A suggestion is to run this on a fasta file, place all the resulting files into a new folder and then point to the database filename within that folder in the -db portion of a BLAST run.
Further masking options (which remove regions of low complexity etc) can be applied and are covered in the BLAST+ manual linked at the top.
Extracting sequences of hits from the database
Once you have your hits you may want to extract all the sequences corresponding to those hits to a file for further analysis. This is done using the blastdbcmd command.
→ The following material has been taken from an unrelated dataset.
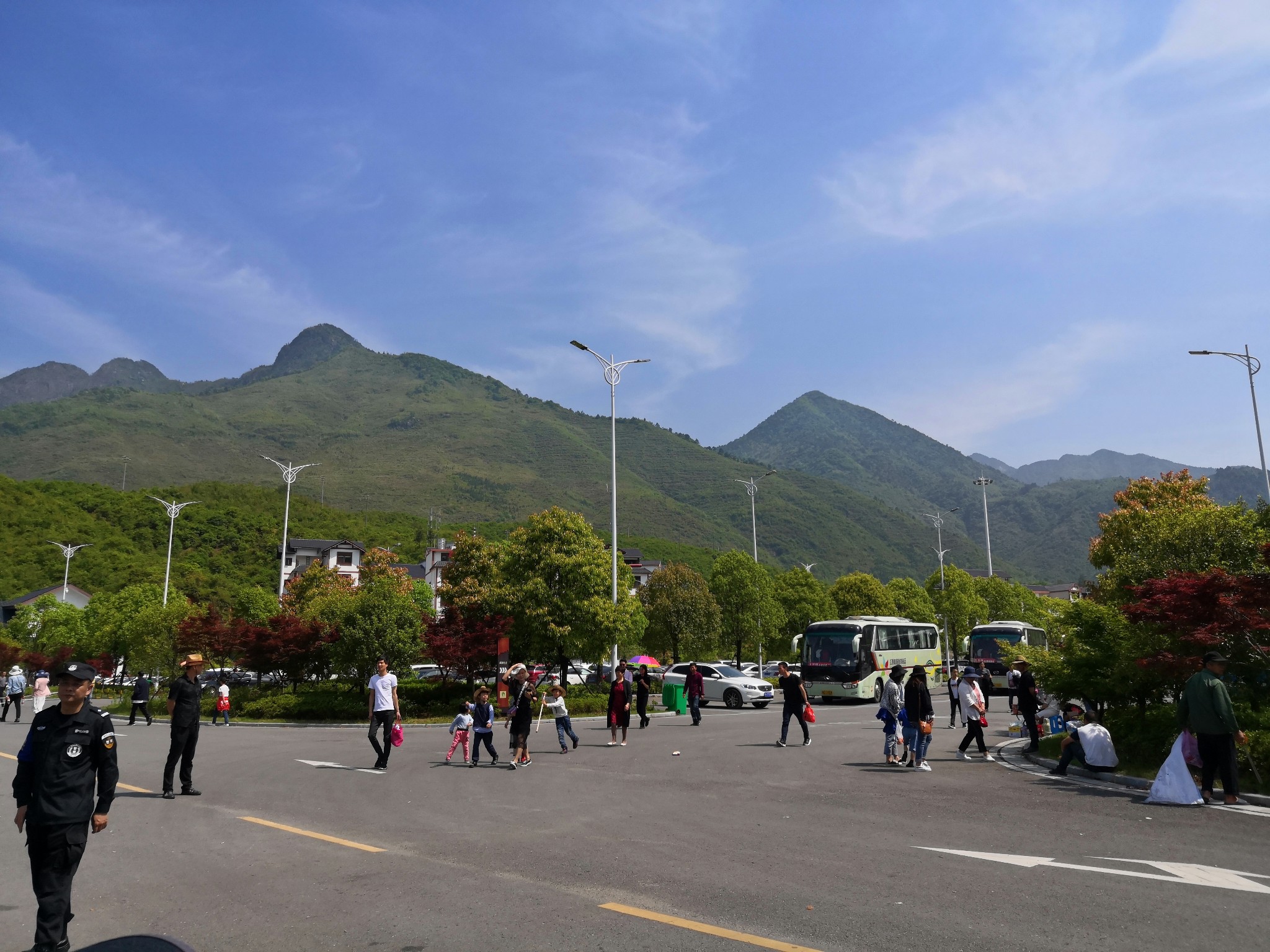 下高速走了一段,在快要上盘山公路的最后一个十字路口,有交警设置了路障,不让前进了。所有自驾车辆都被引导到了枫林停车场停车,停好车后向工作人员询问,平时自驾车辆是可以上山的,因为五一假期原因,自驾车辆太多不让上山了(除部分订好了山上酒店的车辆),所以都停在山下的枫林停车场,再由景区的免费大巴转运至外双溪服务区游客中心(南门)。三清山景区这个措施相当好,避免了上山堵车和停车的问题,也省却了我们的担心。

For this to work a few things are needed. The -parse_seqids flag must have been set during the creation of the database searched. The names of each hit is also needed. This can be extracted from any output format from a BLAST run (e.g. is in the 2nd column of a run using default outputs of -outfmt 6 option). A file of just these names can be created by using a -outfmt "6 sseqid" command in the BLAST run. NOTE This will give you every sequence name of hits but no other information. It also will not separate out the hits from different query sequences in the input so all hits for all sequences will be output with no separation.
To get the sequences you can run a command such as:
blastdbcmd -db databaseBLAST -dbtype prot -entry_batch hits.txt -outfmt %f -out hits.fasta
where databaseBLAST is the database to extract sequences from, prot is the type of data in the database, hits.txt contains the names of the sequences to extract, %f states we want fasta format output and hits.fasta is the output file that will contain all the sequences requested.